> [What is needed]: Copy out the lines beginning with the one that contains "Les presento una" and ending with the last line below, exactly as they stand. Pictures are not copied.

> [Data below]:
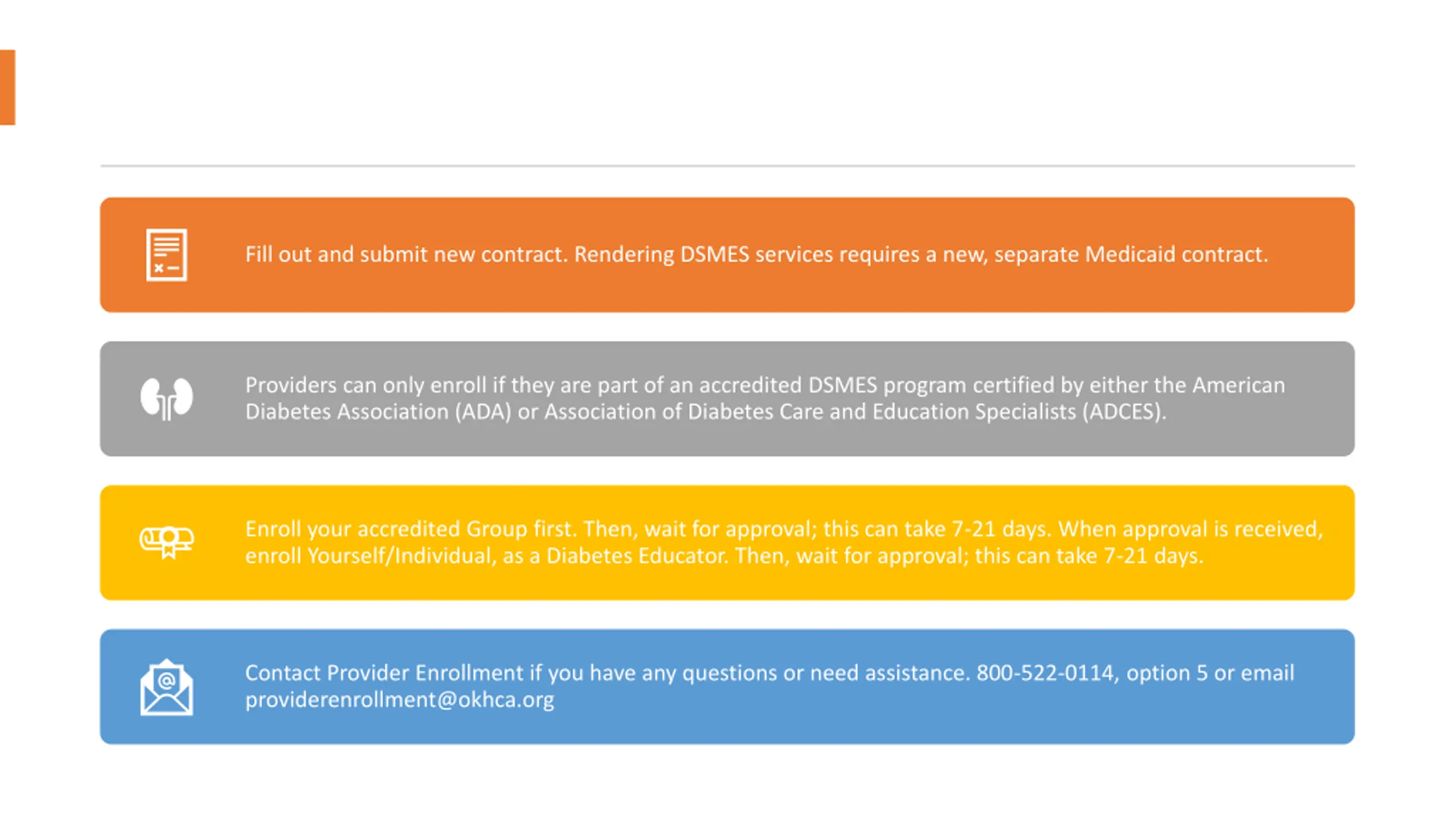 Fill out and submit new contract. Rendering DSMES services requires a new, separate Medicaid contract. Providers can only enroll if they are part of an accredited DSMES program certified by either the American Diabetes Association (ADA) or Association of Diabetes Care and Education Specialists (ADCES). Enroll your accredited Group first. Then, wait for approval; this can take 7-21 days. When approval is received, enroll Yourself/Individual, as a Diabetes Educator. Then, wait for approval; this can take 7-21 days. Contact Provider Enrollment if you have any questions or need assistance. 800-522-0114, option 5 or email providerenrollment@okhca.org
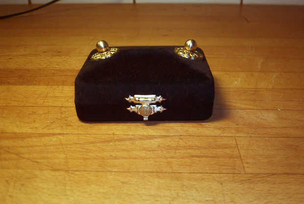 Les presento una caja de metal negro (de una lámpara vieja de fomer) para un adulto steampunker y una fina caja de steampunk muy joven niña cubierta con terciopelo negro.
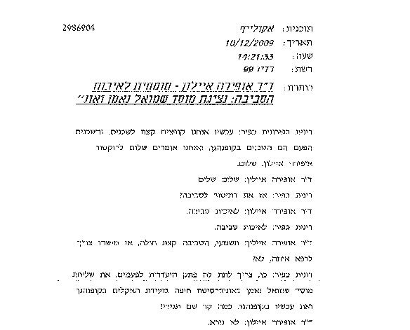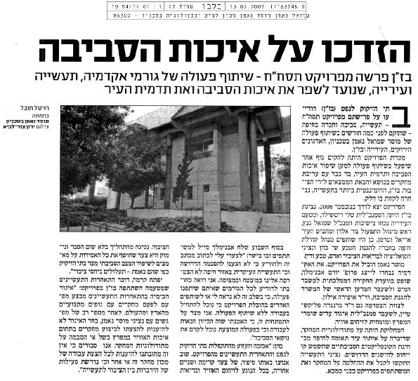 Ofira Ayalon, Gilead Fortuna, Idan Liebes, Shiri Freund-Koren, Gershon Grossman, Avi Temkin, Miriam Lev-On, Perry Lev-On, Efrat Elimelech, Haim Zaban, Eliezer Fruchter, Michal Nachmany, Tal Goldrath, Daphne Getz, Vered Gilad, Eran Leck, Yifaat Baron, Yitzhak Goren, Eli Israeli, Yoram Avnimelech, Yaron Arnon, Noam Gressel, Mordechai Shechter

> [Solution to this problem]:
 Les presento una caja de metal negro (de una lámpara vieja de fomer) para un adulto steampunker y una fina caja de steampunk muy joven niña cubierta con terciopelo negro.
 Ofira Ayalon, Gilead Fortuna, Idan Liebes, Shiri Freund-Koren, Gershon Grossman, Avi Temkin, Miriam Lev-On, Perry Lev-On, Efrat Elimelech, Haim Zaban, Eliezer Fruchter, Michal Nachmany, Tal Goldrath, Daphne Getz, Vered Gilad, Eran Leck, Yifaat Baron, Yitzhak Goren, Eli Israeli, Yoram Avnimelech, Yaron Arnon, Noam Gressel, Mordechai Shechter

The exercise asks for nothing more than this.